Angela Abdalla was getting more and more uncomfortable.

Kiki looked up from her newspaper and curled her legs up under her. She smiled languidly. “You're right. I'm not IIC. Neither are you. Call Susan and ask her if we should wait a half hour, so four section leaders can be on site, or if your needs outweigh everyone else's.”

Peter narrowed his eyes, and his lips went white. He wasn't used to being slapped down like that. Finally, with effort, he turned to Angela and granted her a single nod. Grateful, she rushed out.

Peter said, “I don't appreciate your tone.”
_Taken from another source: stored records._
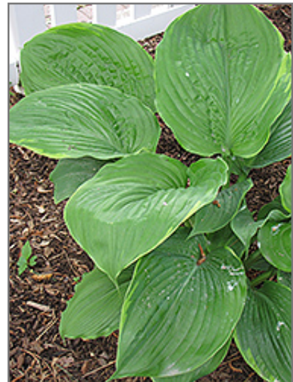
Sum It Up Hosta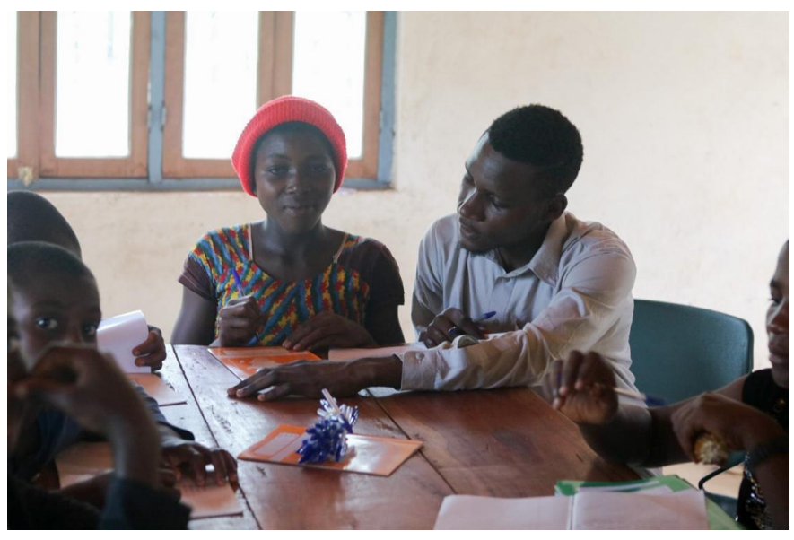
Baba, northwest Cameroon, 2016. Read his blog 'My stay at the orphanage' here.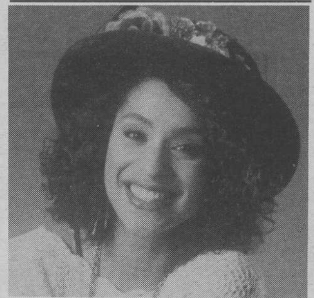
Karyn Parsons stars in NBC's comedy series "The Fresh Prince of Bel-Air" — Karyn Parson stars as Hilary Banks, a spoiled, would-be brat packer and celebrity seeker, in NBC-TV comedy series "The Fresh Prince of Bel Air" on Monday nights.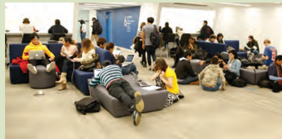
New kids in the Bloch

The Bloch Commons is designed for them—and for all Hunter students. “Most colleges have a commons,” Bloch points out. “Hunter, being a commuter school, didn’t. So that’s what we decided to do. My parents were part of the City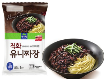
Jjajang (Black Bean Noodle) with Stir-fried Pork and Black bean Sauce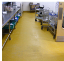
Polyurethane Screed Installation Commercial Kitchen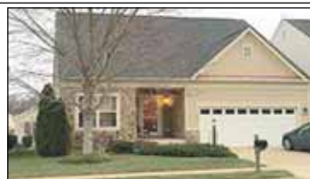
Gainesville Heritage Hunt 55+ COMING SOON UPGRADED BEAUTY! 3BR (2 main lvl), 4BA, Gourmet Kit w/granite, Brkfst, Sun Rm, HDWDS, 2 gas Fpls, LL w/Rec rm, Storage & Den, huge Trex deck, landscaped yd w/irrig syst, Stone front, Front porch, 2-Car Gar. Call for info.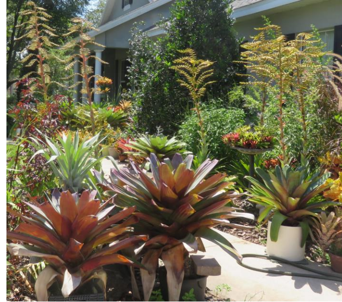
8/19/22 Plant Picture of the Day: Alcantareas glaziouana & heloisae (on top) xVriecantarea 'Julietta' (in pots on bottom left)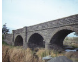
1 rothwell bridge over little river werribee side view jul1984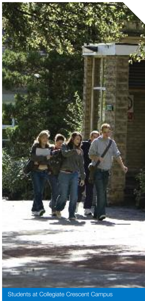
Students at Collegiate Crescent Campus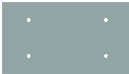
2 | Drill holes where marked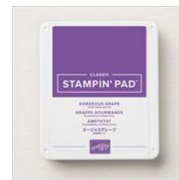
Gorgeous Grape Classic Stampin' Pad 147099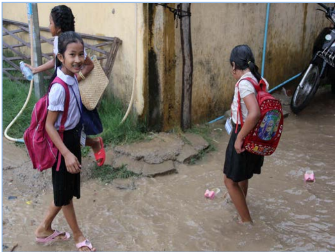
Our entrance to school is flooded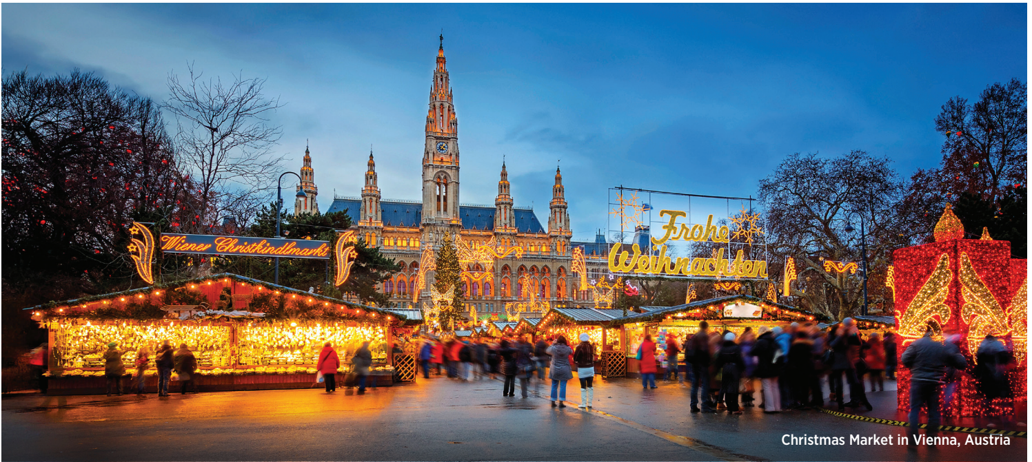
Christmas Market in Vienna, Austria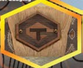
Custom OTG Interior Badging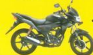
Pearl Nightstar Black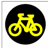
Yellow bicycle crossing light

Kiki said, “Oh,” in the same way you'd react if someone in an elevator said, “My dog is a spaniel.” She went back to her paper.

 

John Roby, the bomb expert from England, Walter Mulroney, who would head up the structures unit, and Isaiah Grey, the ex-pilot who would lead the ops crew, arrived within a half hour, were given their communication
units, and were escorted out to the tarmac. Many of them had worked together at one crash or another. Other section leaders, including Susan Tanaka, the intergovernmental liaison, were still hours away.

It was 12:20
A.M.
Pacific.

THIRTY THOUSAND FEET OVER WISCONSIN

There's a folding metal seat in the cockpit of Boeing 737s that can be used for a flight engineer or a visiting pilot or dignitary. The pilot let Susan Tanaka use the space, once she'd flashed her ID to the senior flight attendant. Neither the pilot nor the copilot was crazy about having a crasher in their cockpit.

She wore a headset, and the copilot had set up the secondary-communication array to the right frequency. Susan could talk to her staff in Washington, and they, in turn, could link her into the building's telephone system.

She heard a dial tone followed by ringing. “Chemeketa Inn, how may I direct your call?”

“Reservations, please.”

“One moment please.” Muzak. “Reservations.”

“Yes, I need to book some rooms. My name is Susan Tanaka and I'm with the National Transportation Safety Board. Our people are investigating that plane crash, just north of you.”